A chapel at the site was first mentioned in a 1491 deed issued by Johann von Tiefen, then Grand Master of the Teutonic Knights. It was then part the Kingdom of Poland as a fief held by the Teutonic Knights. At this time it was already a pilgrimage site, with an inn. It was destroyed about 1525 during the Protestant Reformation, during which the region became Lutheran.

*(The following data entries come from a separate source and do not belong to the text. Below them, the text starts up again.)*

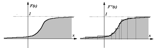Если построить график статистической функции распределения F*(x), то это будет изображенная справа ступенчатая фигура, которая позволяет получить представление о характере теоретической функции распределения F(x).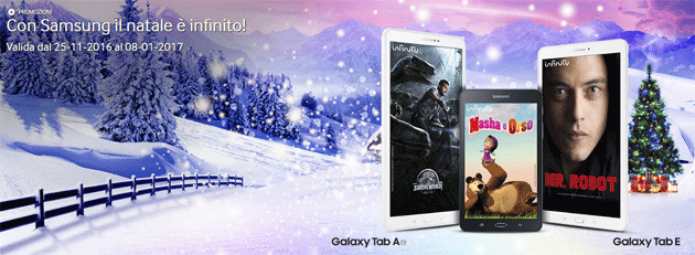 L’operazione a premio denominata "Samsung ti regala un Natale Infinito" è valida per l’acquisto di uno dei modelli di Galaxy Tab A6 7”, Galaxy Tab A6 10.1”, Tab E presso i punti vendita aderenti che espongono il materiale pubblicitario e presso gli e-store indicati nel regolamento. Per chiedere il premio è necessaria la registrazione all’operazione su www.samsungpeople.it/nataleinfinito entro il 3 febbraio 2017. Seguendo le istruzioni, riceverai un codice voucher da inserire sul sito http://www.infinitytv.it/ entro il 3 marzo 2017 per usufruire di 12 mesi dei film e serie TV disponibili su Infinity.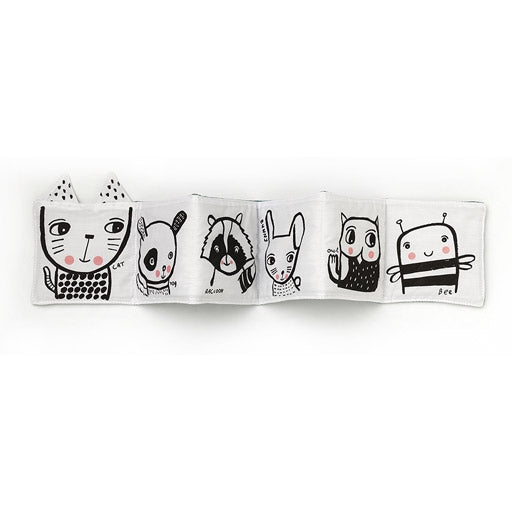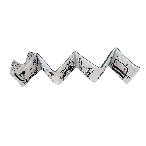 Unravel this beautiful cloth book and meet Cat and his friends! This stunning range of books, illustrated with high contrast black and white bold lines, stimulate visual development with engaging educational content.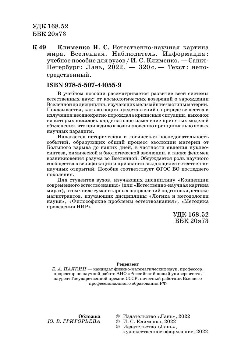 Естественно-научная картина мира. Вселенная. Наблюдатель. Информация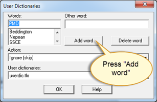If not already selected, set the “Action:” to “Ignore (skip)” to have the word ignored by the automatic spell check. Press “Add word” to add the word as shown in the image below.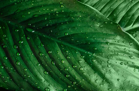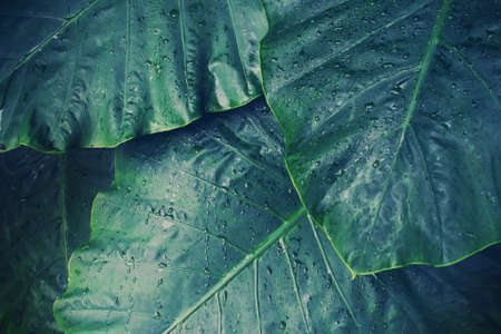 Tropical Green Leaves of Elephant Ear Plant with Raindrops in Dark Tone Color for Background
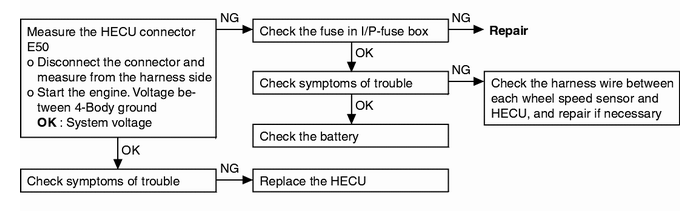 The voltage of the HECU power supply drops lower than or rises higher than the specified value. If the voltage returns to the specified value, this code is no longer output. | Malfunction of wiring harness or connector Malfunction of HECU

Although the village lay in the Protestant region of Masuria, the Roman Catholic faith was again approved in the Duchy of Prussia in 1605. The chapel was rebuilt by the Jesuits and consecrated in 1619 by the Warmian prince-bishop Szymon Rudnicki and became a popular pilgrimage site among the Roman Catholic populace of the surrounding counties and other parts of the Polish–Lithuanian Commonwealth, as well as the Lutheran Masurians. Among the 17th-century pilgrims was Polish King Władysław IV Vasa. In 1688, Warmian Bishop Michał Stefan Radziejowski laid the cornerstone of a new, great Baroque church, which was consecrated in 1693 by his successor, Bishop Jan Stanisław Zbąski. From the 18th century the village was part of the Kingdom of Prussia. The Jesuit monastery was abolished, and King Frederick II of Prussia allowed the Jesuits to stay only as secular administrators of the church complex. Franciszek Ksawery Rymkiewicz became the first post-Jesuit parish priest. From 1871 to 1945 the village was part of Germany, administratively located within the province of East Prussia. After the defeat of Nazi Germany in World War II, in 1945, the village along with Masuria became again part of Poland.